Leave every picture out and return the rest of the listing verbatim.
====== Input data ======
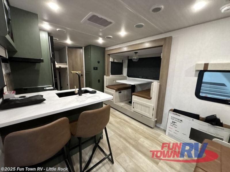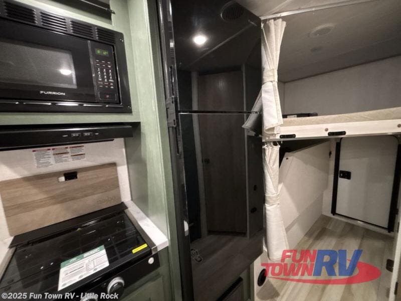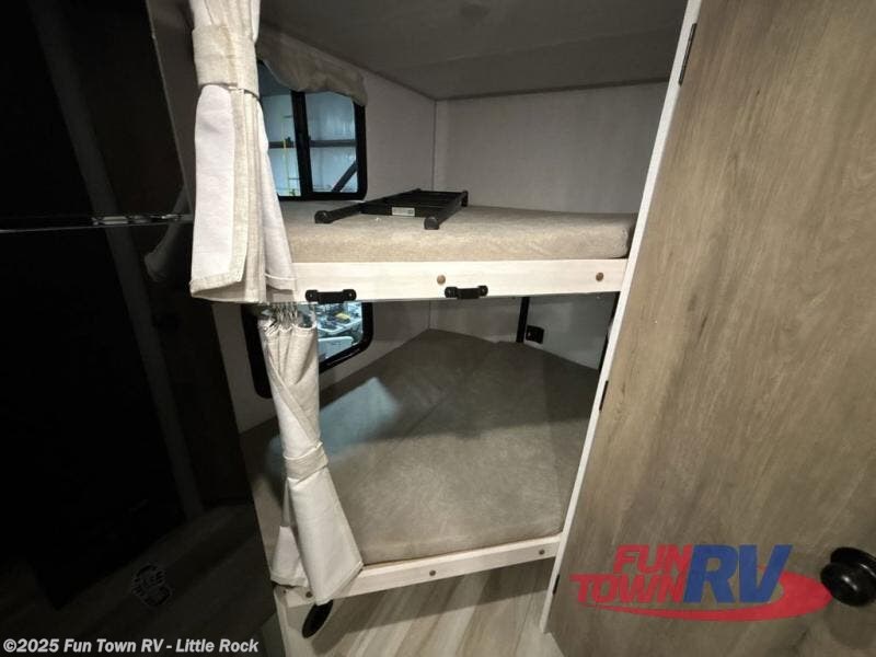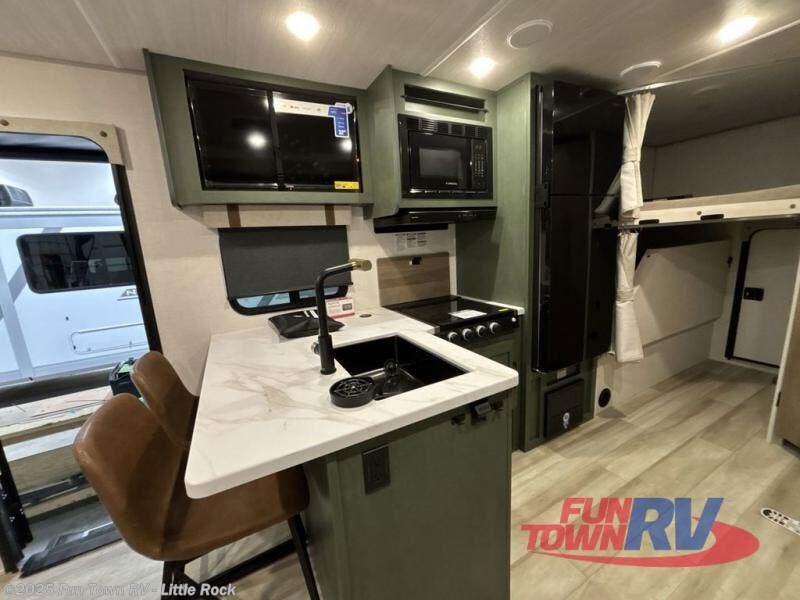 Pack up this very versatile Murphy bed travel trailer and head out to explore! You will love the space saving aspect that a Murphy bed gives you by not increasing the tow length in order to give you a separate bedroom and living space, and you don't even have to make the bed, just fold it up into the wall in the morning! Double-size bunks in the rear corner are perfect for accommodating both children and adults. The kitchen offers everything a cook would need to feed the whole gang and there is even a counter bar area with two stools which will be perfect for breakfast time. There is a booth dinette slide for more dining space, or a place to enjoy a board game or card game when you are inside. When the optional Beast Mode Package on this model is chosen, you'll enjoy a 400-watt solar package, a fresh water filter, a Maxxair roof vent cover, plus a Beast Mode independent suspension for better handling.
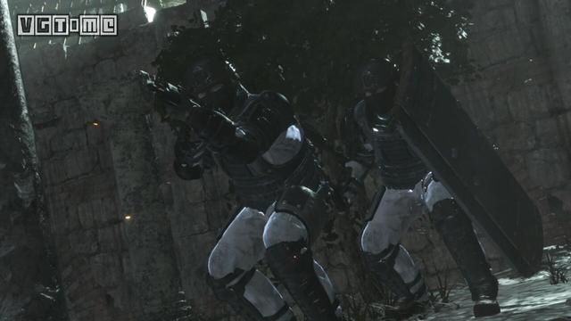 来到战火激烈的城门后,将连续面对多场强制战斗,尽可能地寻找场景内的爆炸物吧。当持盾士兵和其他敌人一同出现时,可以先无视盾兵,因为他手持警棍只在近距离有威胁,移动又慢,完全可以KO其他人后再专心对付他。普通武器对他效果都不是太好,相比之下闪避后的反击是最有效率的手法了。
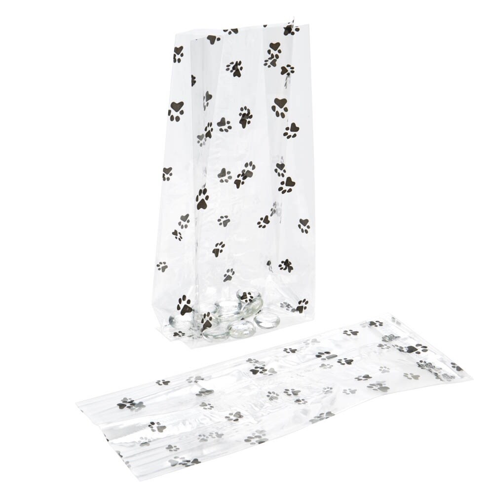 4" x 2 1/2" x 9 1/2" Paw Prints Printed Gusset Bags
======
Reply to the exercise
 Pack up this very versatile Murphy bed travel trailer and head out to explore! You will love the space saving aspect that a Murphy bed gives you by not increasing the tow length in order to give you a separate bedroom and living space, and you don't even have to make the bed, just fold it up into the wall in the morning! Double-size bunks in the rear corner are perfect for accommodating both children and adults. The kitchen offers everything a cook would need to feed the whole gang and there is even a counter bar area with two stools which will be perfect for breakfast time. There is a booth dinette slide for more dining space, or a place to enjoy a board game or card game when you are inside. When the optional Beast Mode Package on this model is chosen, you'll enjoy a 400-watt solar package, a fresh water filter, a Maxxair roof vent cover, plus a Beast Mode independent suspension for better handling.
 来到战火激烈的城门后,将连续面对多场强制战斗,尽可能地寻找场景内的爆炸物吧。当持盾士兵和其他敌人一同出现时,可以先无视盾兵,因为他手持警棍只在近距离有威胁,移动又慢,完全可以KO其他人后再专心对付他。普通武器对他效果都不是太好,相比之下闪避后的反击是最有效率的手法了。
 4" x 2 1/2" x 9 1/2" Paw Prints Printed Gusset Bags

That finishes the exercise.